Il ne faut pas leur donner raison ou tort. Ils n’en ont pas voulu au titre des doctrines et des convictions, des positions… qui étaient les leurs. Reste seulement à savoir comment ils ont traité ceux qui avaient accepté cette synthèse, et comment ceux qui avaient accepté cette synthèse les ont traités, eux qui l’avaient rejetée.
            Vous sentez bien avec ceci que ce n’est pas seulement la question de la Trinité qui doit nous préoccuper ; la Trinité, c’est juste une doctrine… La question qui doit nous préoccuper, c’est la question de l’usage qui est fait des doctrines.

             Nous disions à l’instant qu’il ne fallait pas donner raison ou tort à ceux qui n’ont pas voulu de la doctrine de la Trinité. Reprenons ces mots et disons qu’il faut leur donner raison, sur un point au moins : la doctrine de la Trinité ne dit pas tout. Elle est une synthèse, mais pas une synthèse sans reste.
            Vous avez bien entendu tout à l’heure que nous baptisons au nom du Père, du Fils et du Saint-Esprit. Le Père, créateur, donne le souffle de la vie, il crée, et garde sa création. Le Fils, Jésus, reconnu par certains comme Christ, consacre sa vie à l’humanité, comme personne ne l’a fait. Il enseigne subversivement, il guérit, il nourrit, fait de l’ombre à certains de ses contemporains, est mis à mort pour cela, et ramené à la vie par le Père créateur ; le Fils appelle des humains à vivre une telle vie de consécration, et ceux qui répondent à son appel en appelleront d’autres aussi. Le Saint-Esprit vient au secours de ces humains de bonne volonté, mais souvent trop faibles, trop veules ou trop lâches, et il fait naître en eux invinciblement la foi, l’espérance et l’amour.
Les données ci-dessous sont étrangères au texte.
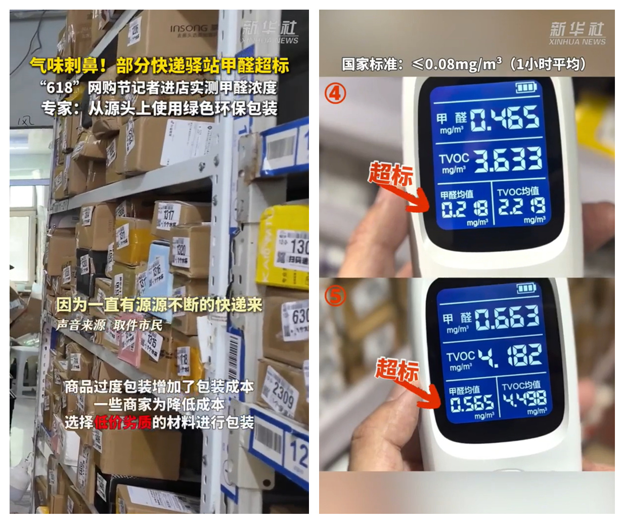 据媒体报道,此前有记者在一快递驿站用甲醛浓度检测仪进行测试。停留仅几分钟,检测仪上显示的甲醛浓度值就迅速超过国家标准,个别数值甚至是该标准的7倍之多。而“罪魁祸首”就是纸箱和包装。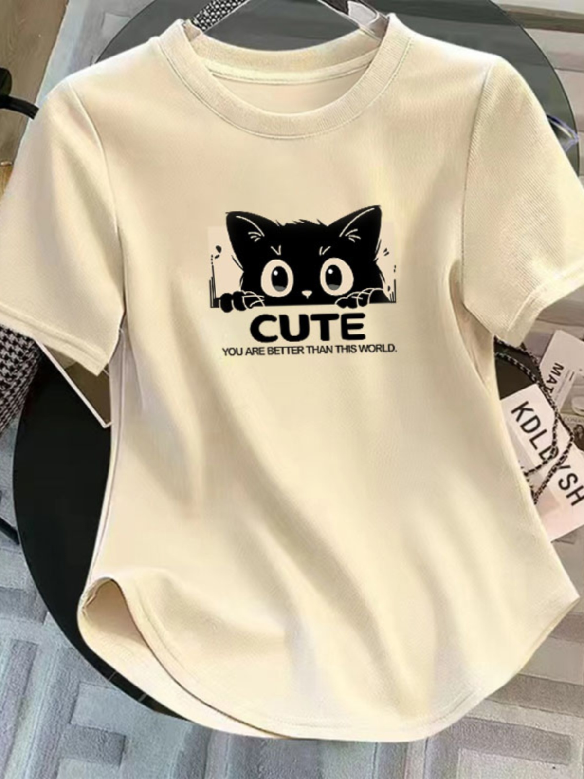 Women's Clothing in 13 Lines Asymmetrical Short Sleeve T-Shirt Women's Summer New Arrival Niche Style Silm Slimming Short Top

Cela, vous l’avez entendu tout à l’heure…
            Mais tout a-t-il été dit de Dieu lorsque cela a été dit ? Les plus belles parts sans doute de ce que les humains ont dit de Dieu on été rassemblées dans la doctrine de la Trinité. Mais le reste ? Quel reste ? Dieu courroucé qui extermine l’humanité entière moins une seule famille (Genèse 6 et suivants), les descendants de cette famille reproduisant exactement ce qu’il y eut de mépris entre les peuples (Genèse 8), ça n’y est pas.  Dieu qui punit sur les fils l’iniquité des pères (Exode 20), ça n’y est pas. Dieu qui exige de son peuple la pureté la plus extrême et qui commande la mise à mort de tous ceux qui ne sont pas exactement conformes (Lévitique 20), ça n’y est pas. Quant au mystère du mal qui frappe, comme ça, et prend sur chaque génération sa moisson d’innocents (Job 1), ça n’y est pas non plus… Et la punition ultime, dans un étang de souffre et de feu, de ceux qui n’auront pas choisi le Christ Jésus (Apocalypse), ça n’y est pas non plus. Pourtant, des textes bibliques mettent aussi cela en avant et même, pour certains textes, proposent des mises en œuvre radicales, dont la purification ethnique, sous commandement de Dieu et en son nom. Rien de tout cela, qui est pourtant dit de Dieu, sur Dieu, et qui est aussi canonique, ne se retrouve dans la Trinité.
A ce tableau sinistre, ajoutons encore qu’il s’est trouvé, et qu’il se trouve encore, ici ou là, des gens pour crier haut et fort que « la vérité ne se mélange pas avec l’erreur »... et l’erreur, c’est toujours l’autre. Nous n’avons pas connaissance que d’aucuns mettent aujourd’hui en œuvre les sinistres commandements du 20ème chapitre du Lévitique quoi qu’il ne fasse pas bon être homosexuel dans certaines parties chrétiennes du Nigéria… On ne s’entretue plus trop entre chrétiens, il est vrai. Mais d’autres tuent et s’entretuent, avec le même nom de Dieu à la bouche, d’autres versets, et d’autres doctrines.           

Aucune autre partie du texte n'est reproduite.